CMoDE is a deep learning fusion scheme for multimodal semantic image segmentation, where the goal is to assign semantic labels (e.g., car, road, tree and so on) to every pixel in the input image. CMoDE is easily trainable on a single GPU with 12 GB of memory and has a fast inference time. CMoDE is benchmarked on Cityscapes, Synthia, ScanNet, SUN RGB-D and Freiburg Forest datasets.
This repository contains our TensorFlow implementation of CMoDE which allows you to train your own model on any dataset and evaluate the results in terms of the mean IoU metric.

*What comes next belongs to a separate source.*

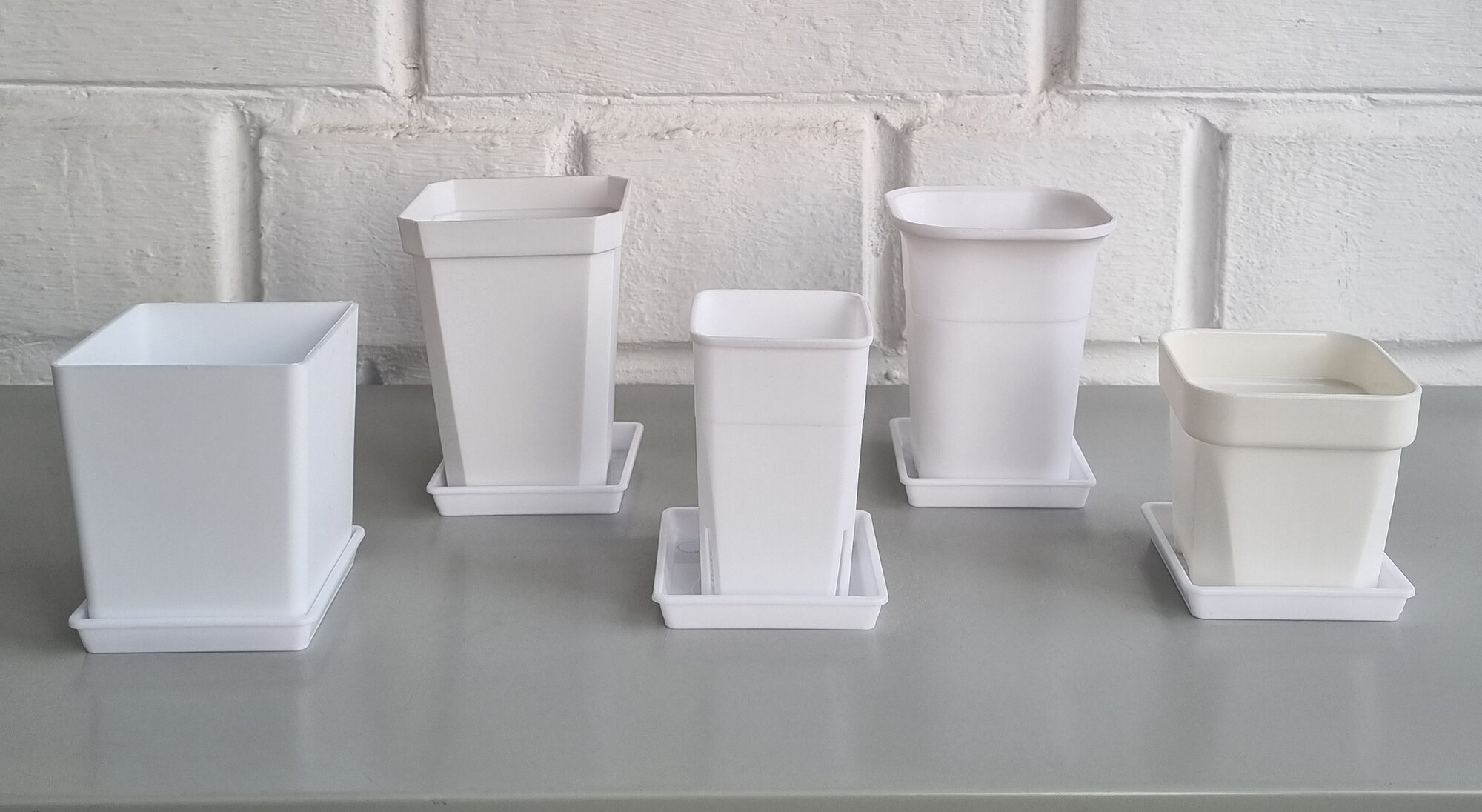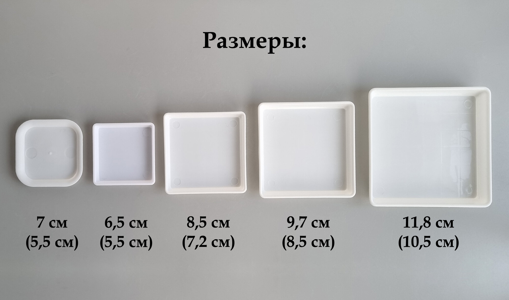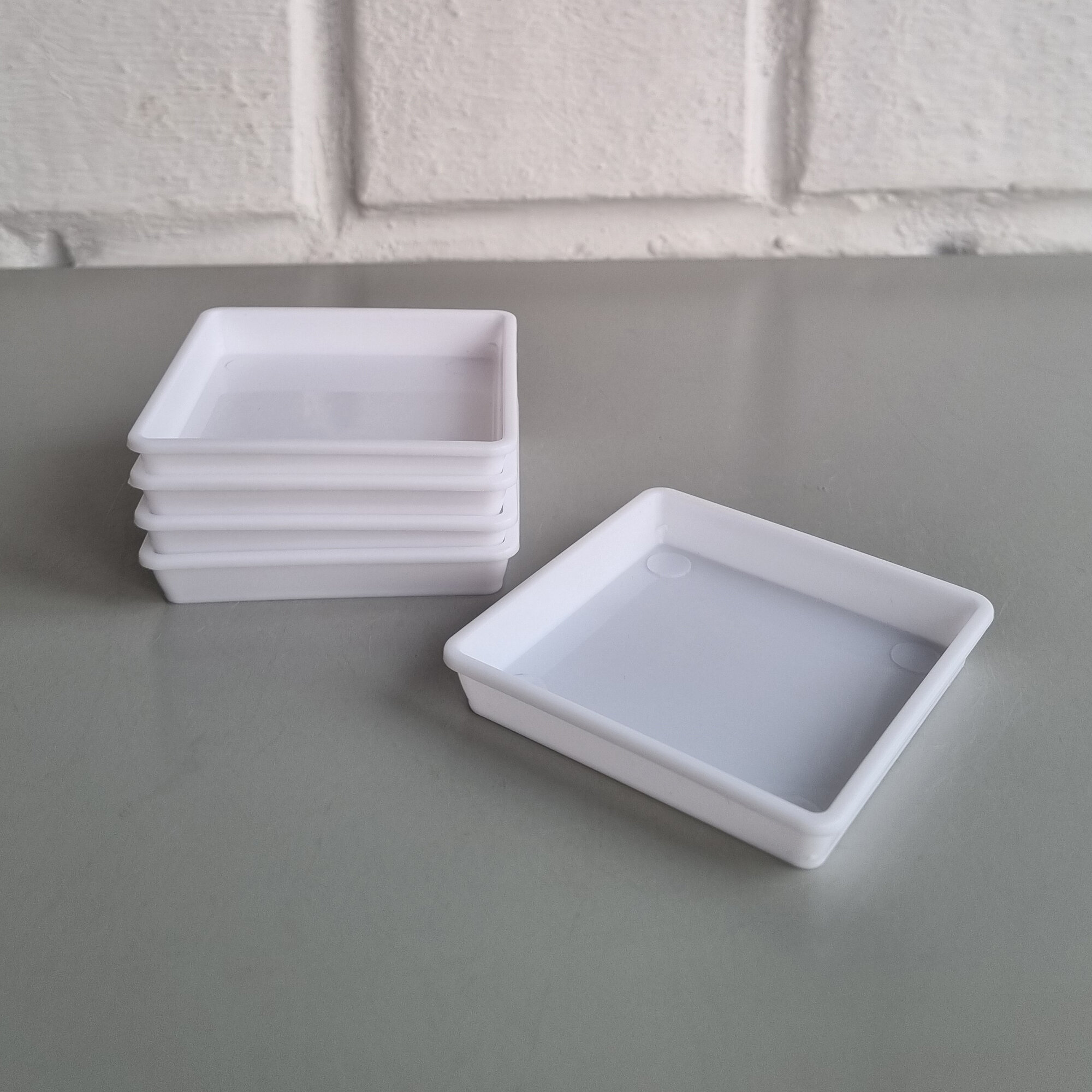 Квадратные поддоны для горшков, 9,7 х 9,7 см (внутр. 8,5 х 8,5 см). Белые. Набор из 5-ти штук

If you find the code useful for your research, please consider citing our paper:
@inproceedings{valada2017icra,
author = {Valada, Abhinav and Vertens, Johan and Dhall, Ankit and Burgard, Wolfram},
title = {AdapNet: Adaptive Semantic Segmentation in Adverse Environmental Conditions},
booktitle = {Proceedings of the IEEE International Conference on Robotics and Automation (ICRA)},
pages={4644--4651},
year = {2017},
organization={IEEE}
}
@inproceedings{valada2016irosws,
author={Valada, Abhinav and Dhall, Ankit and Burgard, Wolfram},
title={Convoluted Mixture of Deep Experts for Robust Semantic Segmentation},
booktitle={IEEE/RSJ International Conference on Intelligent Robots and Systems (IROS) Workshop, State Estimation and Terrain Perception for All Terrain Mobile Robots},
year={2016}
}
http://deepscene.cs.uni-freiburg.de
Dataset | Modality 1 | Modality 2 | Segmented Image |
---|---|---|---|
Cityscapes | |||
Forest | |||
Sun RGB-D | |||
Synthia | |||
ScanNet v2 |
Python 2.7
tensorflow-gpu 1.4.0
First train individual AdapNet or AdapNet++ model for modality 1 and modality 2 in the dataset. We will use this pre-trained modality-secific models for initializing our CMoDE network.
-
Augment the training data. In our work, we first resized the images in the dataset to 768x384 pixels and then apply a series of augmentations (random_flip, random_scale and random_crop). The image corresonding to each modality and the label should be augmented together using the same parameters.
-
Convert the training data (augmented), test data and validation data into the .tfrecords format. Create a .txt file for each set having entries in the following format:
path_to_modality1/0.png path_to_modality2/0.png path_to_label/0.png path_to_modality1/1.png path_to_modality2/1.png path_to_label/1.png path_to_modality1/2.png path_to_modality2/2.png path_to_label/2.png ...
Run the convert_to_tfrecords.py from dataset folder for each of the train, test, val sets to create the tfrecords:
python convert_to_tfrecords.py --file path_to_.txt_file --record tf_records_name
(Input to model is in BGR and 'NHWC' form)
gpu_id: id of gpu to be used
model: name of the model
num_classes: number of classes
checkpoint1: path to pre-trained model for modality 1 (rgb)
checkpoint2: path to pre-trained model for modality 2 (jet,hha,evi)
checkpoint: path to save model
train_data: path to dataset .tfrecords
batch_size: training batch size
skip_step: how many steps to print loss
height: height of input image
width: width of input image
max_iteration: how many iterations to train
learning_rate: initial learning rate
save_step: how many steps to save the model
power: parameter for poly learning rate
gpu_id: id of gpu to be used
model: name of the model
num_classes: number of classes
checkpoint: path to saved model
test_data: path to dataset .tfrecords
batch_size: evaluation batch size
skip_step: how many steps to print mIoU
height: height of input image
width: width of input image
Please refer our paper for the dataset preparation procedure for each modality and the training protocol to be employed.
Edit the config file for training in config folder. Run:
python train.py -c config cityscapes_train.config or python train.py --config cityscapes_train.config
Select a checkpoint to test/validate your model in terms of the mean IoU. Edit the config file for evaluation in the config folder.
python evaluate.py -c config cityscapes_test.config or python evaluate.py --config cityscapes_test.config
- We provide the CMoDE fusion implementation for either AdapNet or AdapNet++ as the expert network architecture. You can swap the expert network with any architecture of your choice by modifying the models/CMoDE.py script.
- We only provide the single scale evaluation script. Multi-Scale+Flip evaluation further imporves the performance of the model.
- The code in this repository only performs training on a single GPU. Multi-GPU training using synchronized batch normalization with larger batch size further improves the performance of the model.
- Initializing the model with pre-trained weights from large datasets such as the Mapillary Vistas and BDD100K yields an improved performance.
For academic usage, the code is released under the GPLv3 license. For any commercial purpose, please contact the authors.